I'm a sucker for intrigue so I can appreciate this sort of thing whether I agree with the position or not; it makes my day more interesting. So if he was my doctor, I would keep seeing him unless I felt his political feelings were overpowering his ability to demonstrate professionalism during appointments. I would definitely not announce my own political leanings, though. I would be afraid of biasing him against my well being...

April 5, 2010 at 4:56 PM  
Blogger Matt said...

I guess typical business protocol would be to not express political views, but I guess in extreme situations it might be ok. I laud him for the fact that despite possible damage to his business he supports his convictions to express his opinion on the matter.

Personally, I think people who object to his sign should just go somewhere else. As with any objections, customers can take their money elsewhere. On the flipside of worrying about bias, I personally wouldn't want to give my business to someone with such a contradicting belief to myself.

My wife and her family are all in the medical field so we have very strong disdain for this bill. It was a very downcast day that morning...

April 5, 2010 at 9:49 PM  
Blogger Amanda said...

This is absurd. There is a strong public policy against doctors DISCOURAGING current patients from receiving medical care. Many people are afraid to go to the doctor or don't like doctors as it is. This doctor is perpetuating such fears and opinions. Further, he should be concerned ONLY with the health of his patient, not with their political views. The relationship between a doctor and patient is sensitive and legally protected (i.e. doctor patient privilege). This flies in the face of such notions.
And just so everyone knows, it is offensive when people use MD as short hand for "doctor." not all doctors are MD's.
- Wife of a Future D.O. DOCTOR

April 7, 2010 at 2:53 PM  
Blogger Kathi the wingspouse said...

Amanda, Sorry for the MD (which I do frequently). My own PCP is a D.O. Sometimes we don't think.

April 7, 2010 at 3:04 PM  
Blogger Mèimei's little Designs said...

"To those who think he's wrong... would you want to be treated by a doctor who may have a beef with your political position or would you rather know it upfront and go elsewhere?"

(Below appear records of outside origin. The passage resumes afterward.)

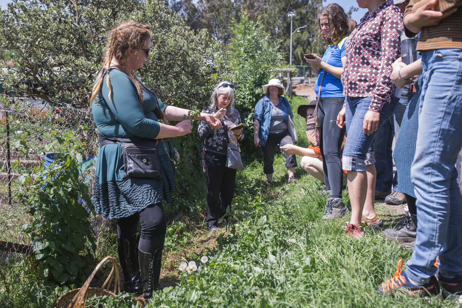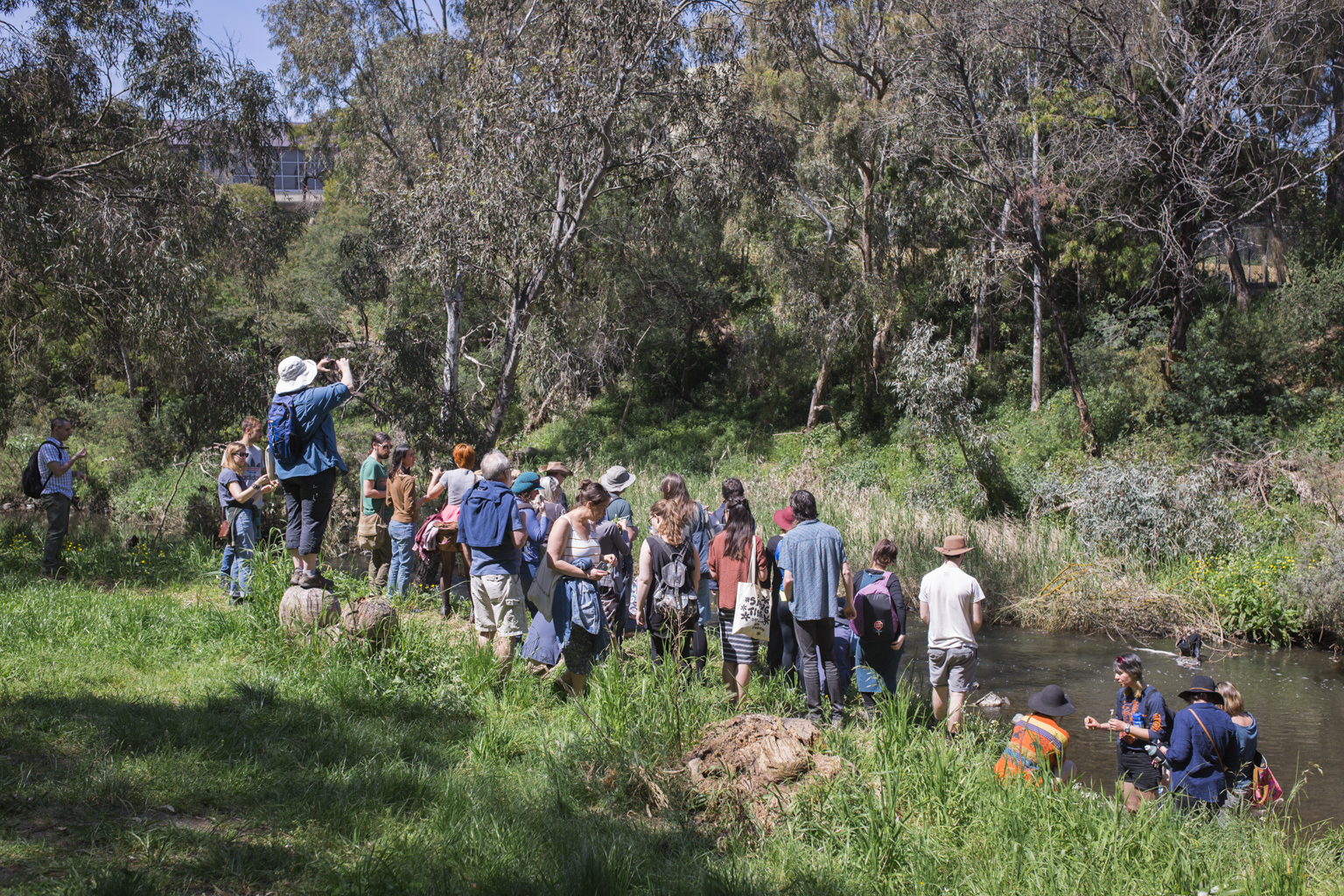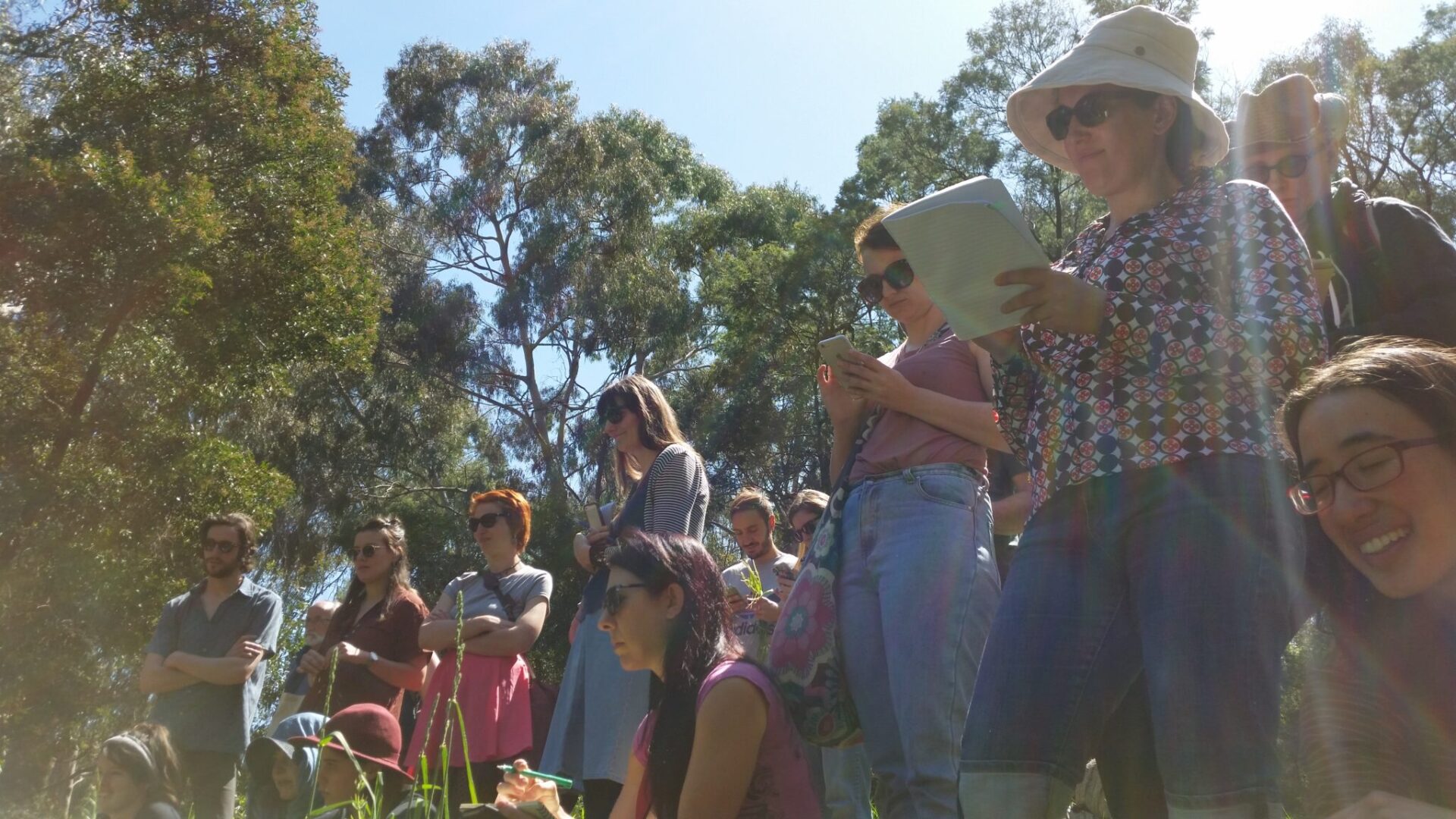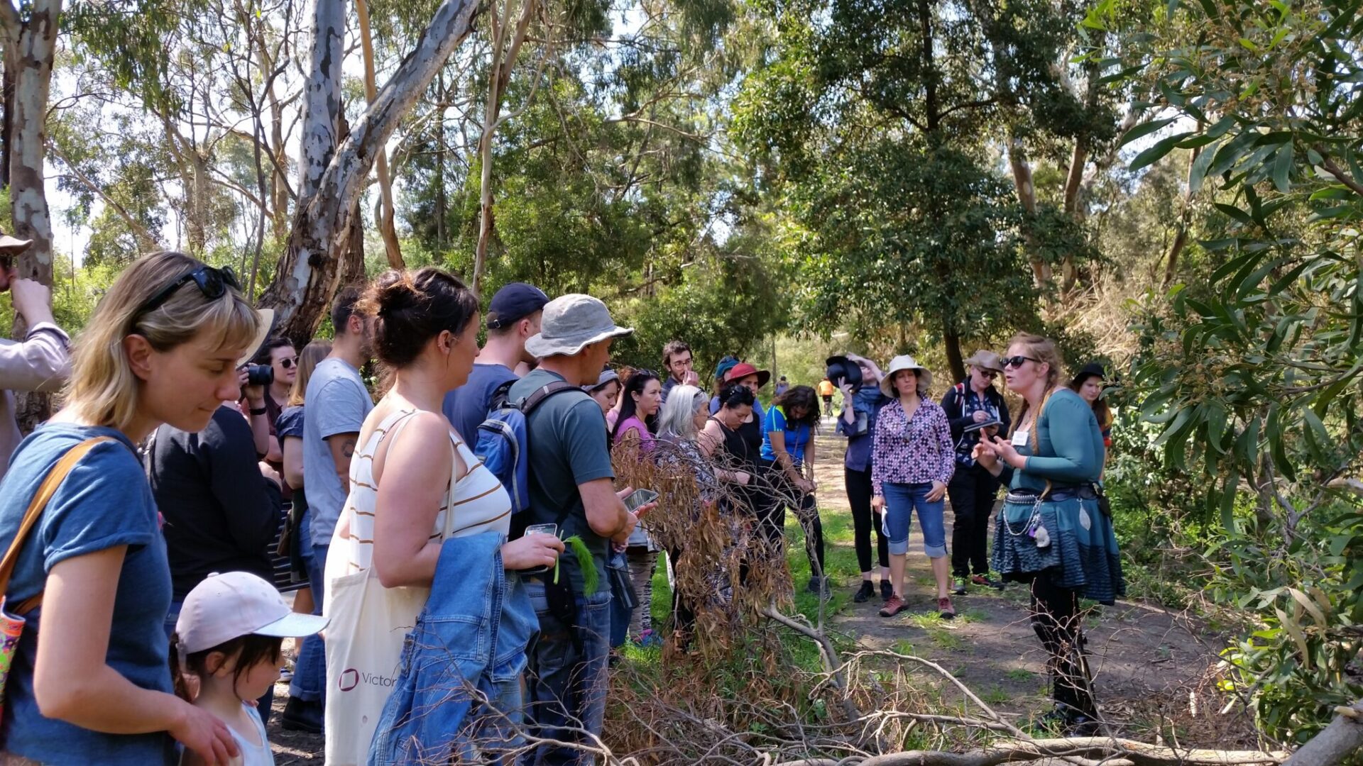 October saw guild members and folk from other walks of life join Free Food Forager‘s Ingrid Button for two very popular sessions (one on the 15th and another on the 22nd) for a meander down to the Merri Creek to forage for food. We learnt about the culinary and medicinal properties of herbs and other plants that we’d otherwise just walk on by, including warrigal greens as a spinach equivalent to wild fennel for tea. Ingrid demonstrated the perils of brushing skin against nettle, quickly followed by various herbal antidotes to take the sting out – including dock leaf and plantain. We discovered that cleavers (or sticky weed) could make a great poultice or pressure bandage when you have nothing else at hand out in the bush.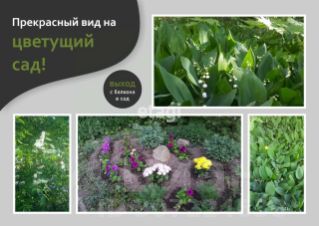 + Под окном в саду, весной расцветают ландыши, цветет черемуха и белая сирень, благоухают цветы, растущие в клумбе. А летом, после дождя, из грибницы вырастают шампиньоны!!! На этом кусочке земли царит настоящая сказка! Поэтому, свою комнату с небольшим цветущим участком земли отдаем, только в хорошие руки!))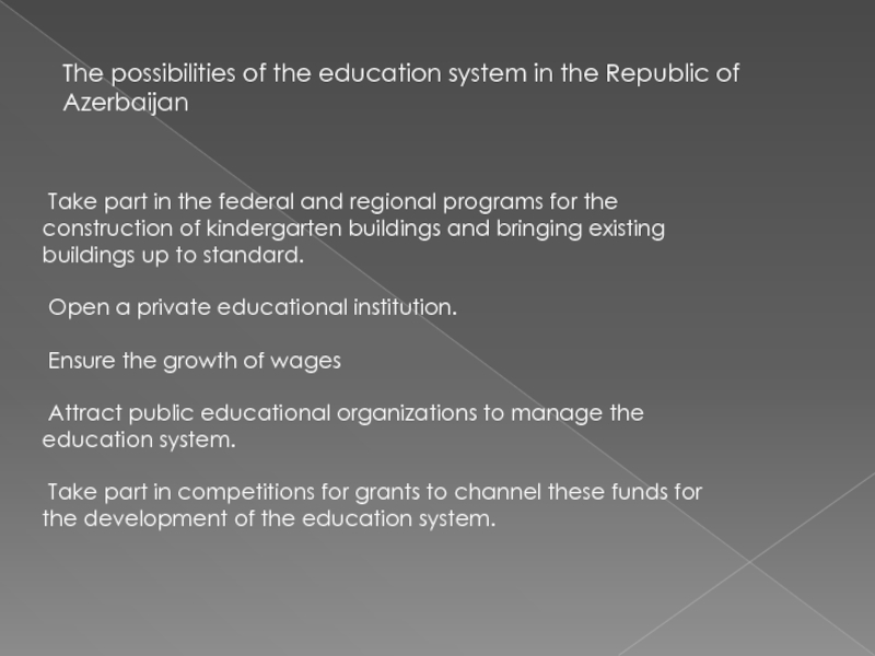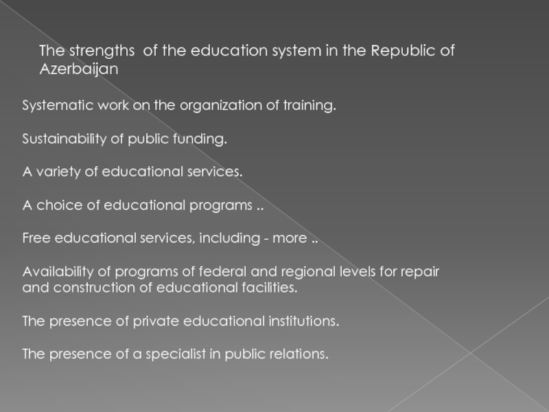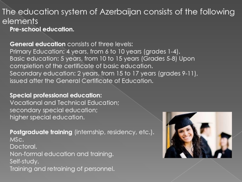 Слайд 13The education system of Azerbaijan consists of the following elements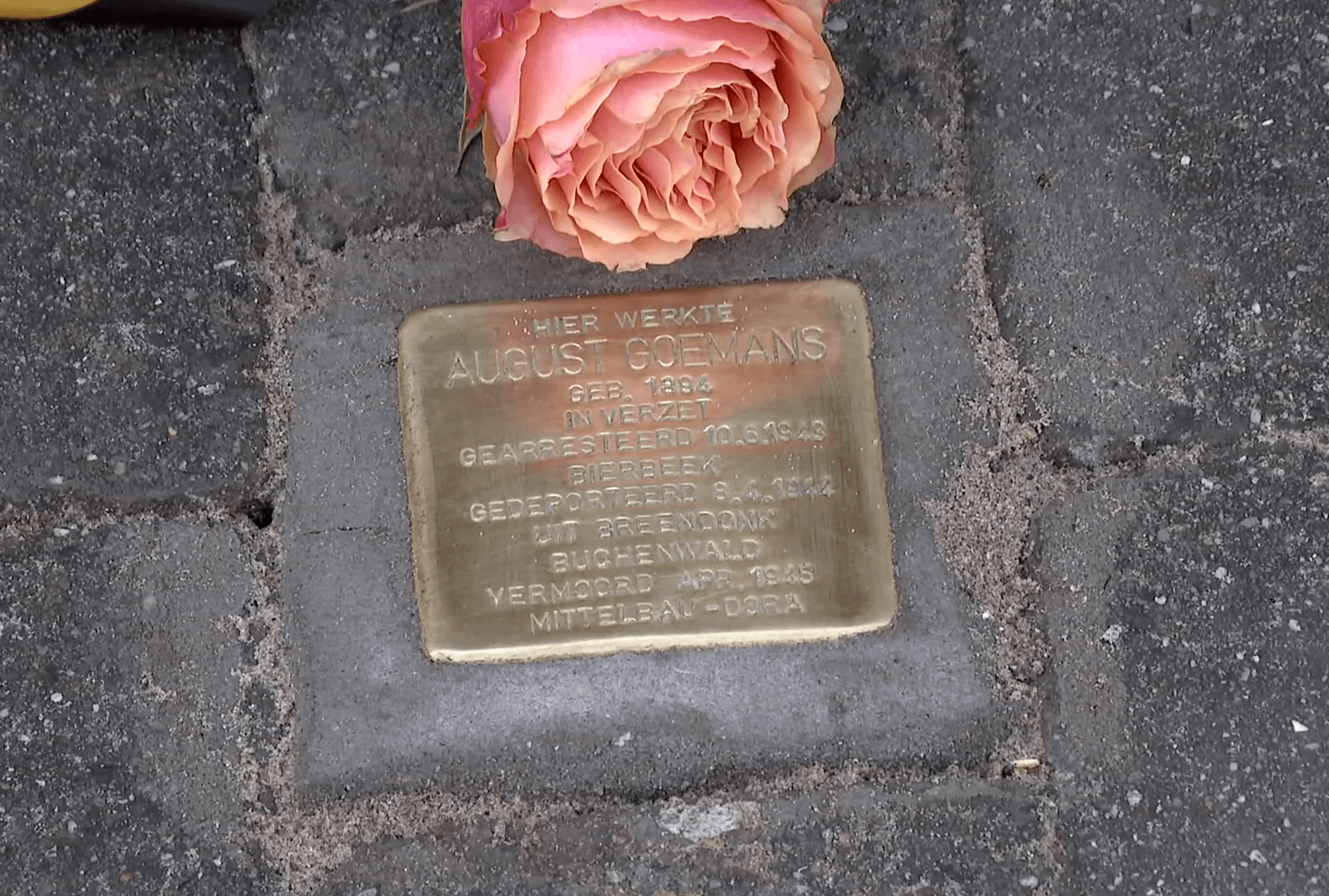 "De steen komt voor het oude gemeentehuis waar in 1943 de oude gemeentesecretaris August Goemans werd gearresteerd door de gestapo. Hij is afgevoerd, verbleef in concentratiekampen en is nooit teruggekeerd." Cil Cuypers (Vooruit), Schepen van Erfgoed

Personally, I just don't want to know about it. When it comes to my health, all I care about is that my physician is helping me to manage my health. I don't care if he or she believes in purple martians, as long as they keep that fact to themselves and it doesn't hinder their ability to give me care. Aside from being a mass murderer or total freak, I only care that I am treated with respect and that he or she is looking out for my best interest in regards to my health.
But I was raised to believe that it's poor taste to talk about money [whether you have it or not] or politics with "strangers."